Meanwhile, a joint brief filed by Spokane on behalf of numerous local authorities echoes many of the same arguments. Records show that most analysis of the FAA decision came after the agency decided to revoke tower funding, the groups contend in their brief. “The pre-decisional record fails to show that FAA prioritized air safety in deciding to close the contract towers. This is a textbook case of arbitrary agency action,” the groups say, adding, “FAA abandoned its own established procedures and regulations for thoroughly evaluating changes to critical safety elements like the towers.” These include safety risk management analyses.
The groups further argue that FAA is required to apply sequestration cuts evenly, but sequestration’s mandate doesn’t necessarily demand cuts in the contract tower program. Further, sequestration laws do not eliminate FAA’s statutory requirements for safety, environmental mandates or other obligations, the brief contends.
The groups underscore the safety services provided by the towers, along with the fact that they are less expensive than federal towers. They also cite congressional mandates for FAA to continue the program and extend it as “practicable.” But the brief says, “FAA has exhibited some reluctance to continue this program.”

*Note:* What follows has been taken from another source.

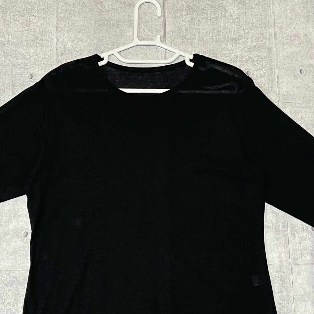 極美品 シャルレ 7分袖 カットソー Tシャツ ブラック 黒 ハイクオリティー  日本製 MADE IN JAPAN サラッとしたソフトな上質素材 早5030 使用感無い極上美品 無地 単色 シンプル 裾スリット

AOPA, meanwhile, tells the court in its amicus curiae brief filed this week that FAA’s decision was “based solely on the number of operations conducted at the airport and how that number affects the traveling public” and does not account for numerous considerations that played into establishing and maintaining each tower.
FAA overlooked “the management of (aircraft) approaching, landing, and departing the airport, the access to the airport, any accident and incident avoidance measures on and in the vicinity of the airport, the local and national impact on traffic diverted to other airports, the public’s health and welfare, the public interests, and environmental impact changes,” AOPA says.